Tensor Casting: Co-Designing Algorithm-Architecture for Personalized Recommendation Training

TL;DR

This paper investigates the training of personalized recommendation models, identifies sparse embedding layer training as a bottleneck, and proposes Tensor Casting, a co-designed accelerator architecture that significantly improves training throughput.

Contribution

It introduces Tensor Casting, a novel algorithm-architecture co-design for tensor gather-scatter, optimizing recommendation training on CPU-GPU systems.

Findings

Tensor Casting achieves up to 21x training throughput improvement.

Workload characterization highlights sparse embedding training as a key bottleneck.

Prototyping demonstrates effectiveness on real CPU-GPU systems.

Abstract

Personalized recommendations are one of the most widely deployed machine learning (ML) workload serviced from cloud datacenters. As such, architectural solutions for high-performance recommendation inference have recently been the target of several prior literatures. Unfortunately, little have been explored and understood regarding the training side of this emerging ML workload.
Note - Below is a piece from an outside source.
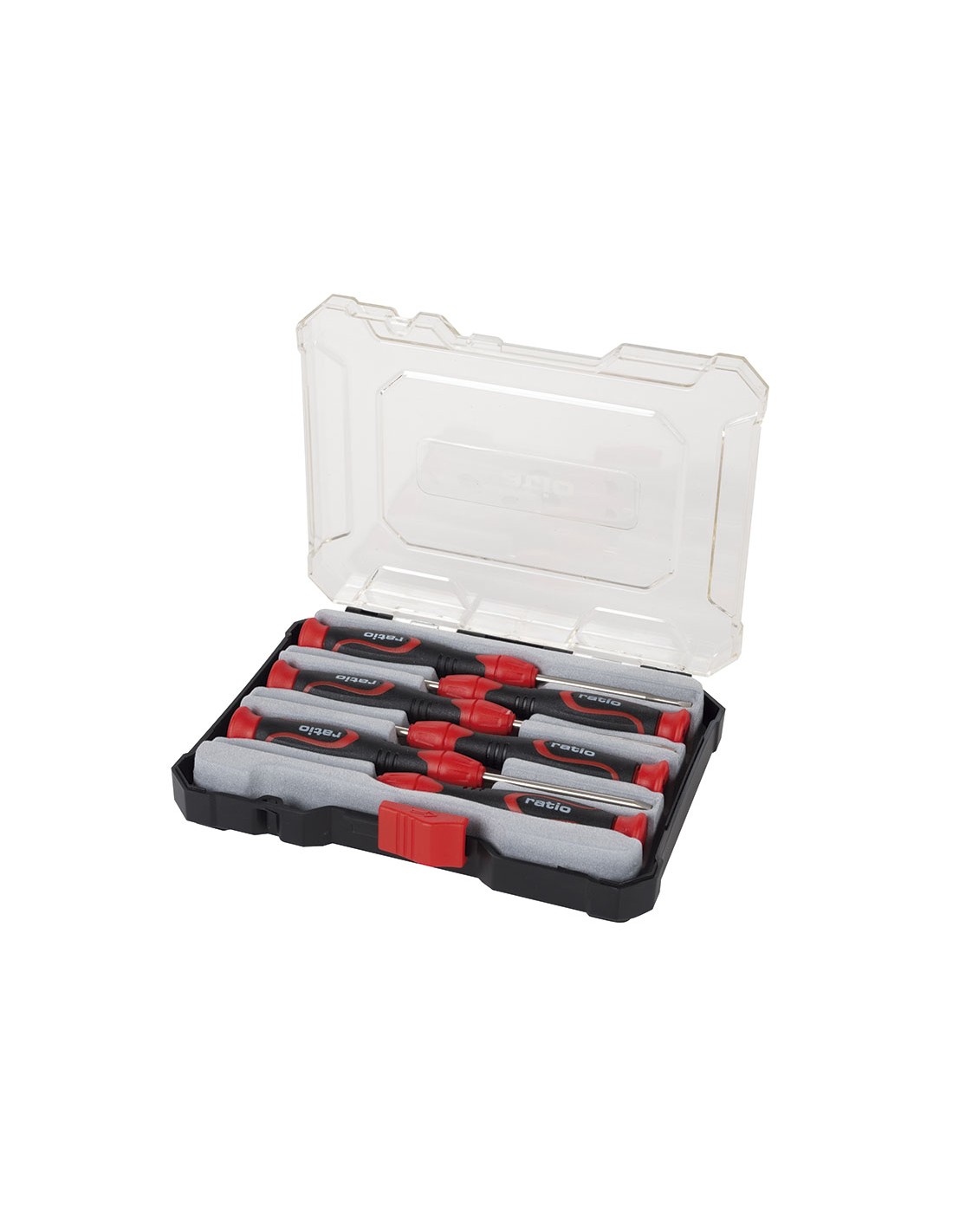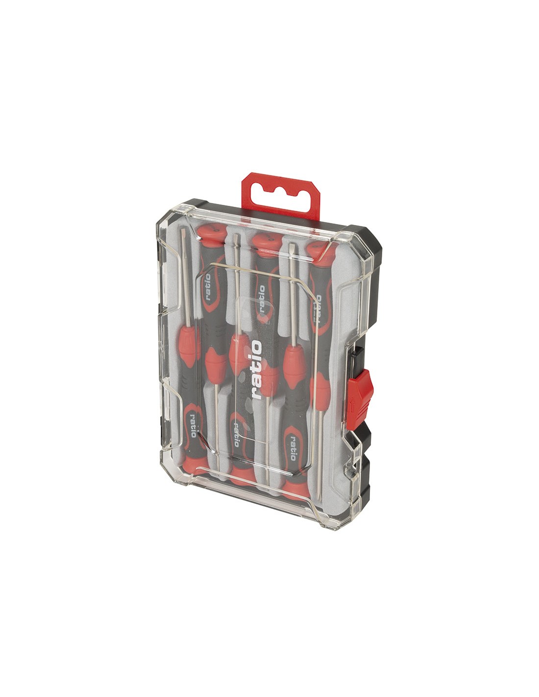 Destornillador precisión RATIO 6 en 1 Mango bimaterial antideslizante. Varillas acero cromo vanadio. Punta magnética. Composición: \r\nBoca plana: 2,0x50 mm, 2,5x50 mm, 3,0x50 mm.\r\nBoca Phillips:Nº0x50 mm, Nº00x50 mm, Nº000x50 mm.

In this paper, we first perform a detailed workload characterization study on training recommendations, root-causing sparse embedding layer training as one of the most significant performance bottlenecks. We then propose our algorithm-architecture co-design called Tensor Casting, which enables the development of a generic accelerator architecture for tensor gather-scatter that encompasses all the key primitives of training embedding layers. When prototyped on a real CPU-GPU system, Tensor Casting provides 1.9-21x improvements in training throughput compared to state-of-the-art approaches.